** Problem description **
Below is a listing. Quote from it, exactly, the lines from the one containing "Rohrlager der Wasserversorgung" down to the one containing "Grimetons antenn består", both ends included, and nothing else.

[The records]

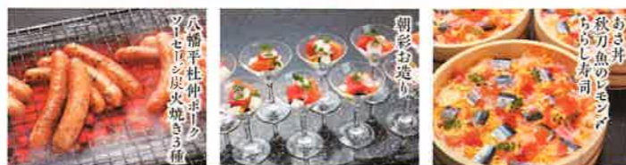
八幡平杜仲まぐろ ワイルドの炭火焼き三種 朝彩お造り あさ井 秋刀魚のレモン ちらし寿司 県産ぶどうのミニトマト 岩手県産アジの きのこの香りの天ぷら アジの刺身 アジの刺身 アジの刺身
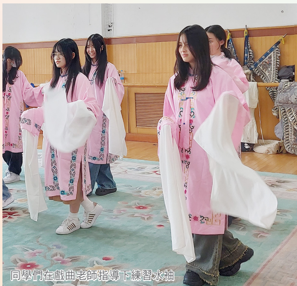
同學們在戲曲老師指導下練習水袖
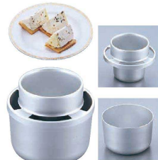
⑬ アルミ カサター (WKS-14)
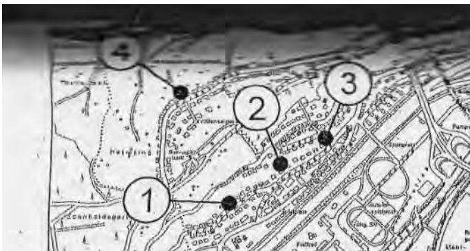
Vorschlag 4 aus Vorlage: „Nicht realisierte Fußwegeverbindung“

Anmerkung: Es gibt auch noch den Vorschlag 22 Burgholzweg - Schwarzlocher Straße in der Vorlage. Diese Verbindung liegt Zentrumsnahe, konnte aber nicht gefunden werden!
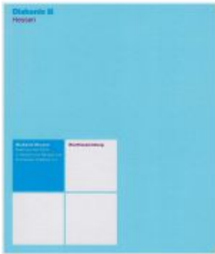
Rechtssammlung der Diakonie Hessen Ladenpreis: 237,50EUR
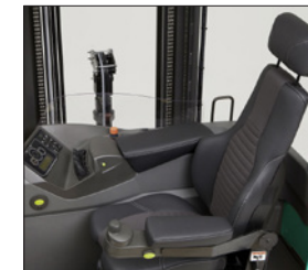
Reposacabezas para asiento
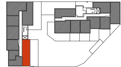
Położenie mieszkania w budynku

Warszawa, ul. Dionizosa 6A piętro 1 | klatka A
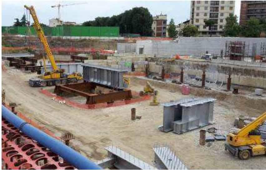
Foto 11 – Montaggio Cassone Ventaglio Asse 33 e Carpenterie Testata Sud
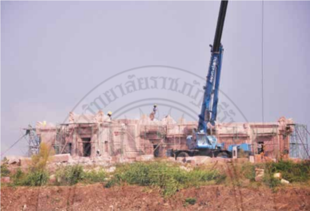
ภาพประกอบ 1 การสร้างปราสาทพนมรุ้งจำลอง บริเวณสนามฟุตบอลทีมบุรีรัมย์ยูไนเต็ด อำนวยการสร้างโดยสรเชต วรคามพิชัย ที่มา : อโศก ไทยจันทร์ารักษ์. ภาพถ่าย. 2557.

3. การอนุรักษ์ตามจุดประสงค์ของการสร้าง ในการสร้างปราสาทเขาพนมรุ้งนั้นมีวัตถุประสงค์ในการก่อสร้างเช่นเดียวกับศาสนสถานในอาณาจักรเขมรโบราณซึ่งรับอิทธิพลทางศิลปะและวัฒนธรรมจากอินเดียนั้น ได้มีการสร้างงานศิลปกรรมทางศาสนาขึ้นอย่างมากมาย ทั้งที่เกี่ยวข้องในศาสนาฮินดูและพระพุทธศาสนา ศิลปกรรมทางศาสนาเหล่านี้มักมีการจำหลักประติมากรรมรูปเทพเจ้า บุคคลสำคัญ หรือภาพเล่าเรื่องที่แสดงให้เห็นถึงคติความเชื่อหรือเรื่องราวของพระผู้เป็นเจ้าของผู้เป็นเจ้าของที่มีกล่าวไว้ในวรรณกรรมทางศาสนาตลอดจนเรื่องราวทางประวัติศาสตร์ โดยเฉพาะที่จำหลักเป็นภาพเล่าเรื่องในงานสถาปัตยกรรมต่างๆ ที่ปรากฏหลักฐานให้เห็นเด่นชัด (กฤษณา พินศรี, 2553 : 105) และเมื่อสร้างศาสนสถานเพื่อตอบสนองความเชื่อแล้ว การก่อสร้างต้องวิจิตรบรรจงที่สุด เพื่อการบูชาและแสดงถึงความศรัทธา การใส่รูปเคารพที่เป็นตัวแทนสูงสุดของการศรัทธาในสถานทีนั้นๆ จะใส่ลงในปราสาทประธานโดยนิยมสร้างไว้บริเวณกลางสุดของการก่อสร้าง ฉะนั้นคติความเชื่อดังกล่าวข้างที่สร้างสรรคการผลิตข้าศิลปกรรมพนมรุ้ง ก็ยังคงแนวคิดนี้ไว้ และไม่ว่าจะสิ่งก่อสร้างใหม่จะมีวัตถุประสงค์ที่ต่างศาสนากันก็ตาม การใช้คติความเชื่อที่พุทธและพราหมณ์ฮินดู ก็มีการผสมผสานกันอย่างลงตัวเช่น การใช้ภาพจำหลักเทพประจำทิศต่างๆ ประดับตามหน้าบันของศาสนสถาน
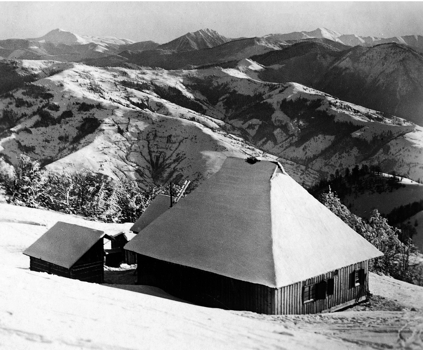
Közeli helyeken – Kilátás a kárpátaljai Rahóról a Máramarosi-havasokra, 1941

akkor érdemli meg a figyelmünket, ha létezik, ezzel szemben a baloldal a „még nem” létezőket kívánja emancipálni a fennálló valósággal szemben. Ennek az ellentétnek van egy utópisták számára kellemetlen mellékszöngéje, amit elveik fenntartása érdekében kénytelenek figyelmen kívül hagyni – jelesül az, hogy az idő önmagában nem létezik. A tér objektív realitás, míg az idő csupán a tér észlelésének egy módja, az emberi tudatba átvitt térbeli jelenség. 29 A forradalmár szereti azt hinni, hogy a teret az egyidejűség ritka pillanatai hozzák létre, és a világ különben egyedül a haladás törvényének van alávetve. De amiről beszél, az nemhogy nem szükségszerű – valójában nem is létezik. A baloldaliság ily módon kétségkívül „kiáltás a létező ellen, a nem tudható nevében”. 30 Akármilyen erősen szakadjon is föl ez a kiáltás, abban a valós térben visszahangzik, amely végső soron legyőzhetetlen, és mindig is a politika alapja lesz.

[/The records]
[The records]

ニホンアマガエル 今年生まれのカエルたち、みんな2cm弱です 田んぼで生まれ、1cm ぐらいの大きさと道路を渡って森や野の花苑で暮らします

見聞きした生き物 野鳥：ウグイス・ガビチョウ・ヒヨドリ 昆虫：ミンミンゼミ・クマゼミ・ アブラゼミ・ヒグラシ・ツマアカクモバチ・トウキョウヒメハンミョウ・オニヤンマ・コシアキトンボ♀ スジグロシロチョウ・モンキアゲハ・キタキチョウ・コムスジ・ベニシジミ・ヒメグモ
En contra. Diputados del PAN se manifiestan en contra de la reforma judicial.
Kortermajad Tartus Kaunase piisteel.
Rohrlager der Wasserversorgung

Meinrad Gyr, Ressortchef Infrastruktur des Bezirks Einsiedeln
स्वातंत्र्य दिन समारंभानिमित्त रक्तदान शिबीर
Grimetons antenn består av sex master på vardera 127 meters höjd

[/The records]

** Finished task **
Rohrlager der Wasserversorgung

Meinrad Gyr, Ressortchef Infrastruktur des Bezirks Einsiedeln
स्वातंत्र्य दिन समारंभानिमित्त रक्तदान शिबीर
Grimetons antenn består av sex master på vardera 127 meters höjd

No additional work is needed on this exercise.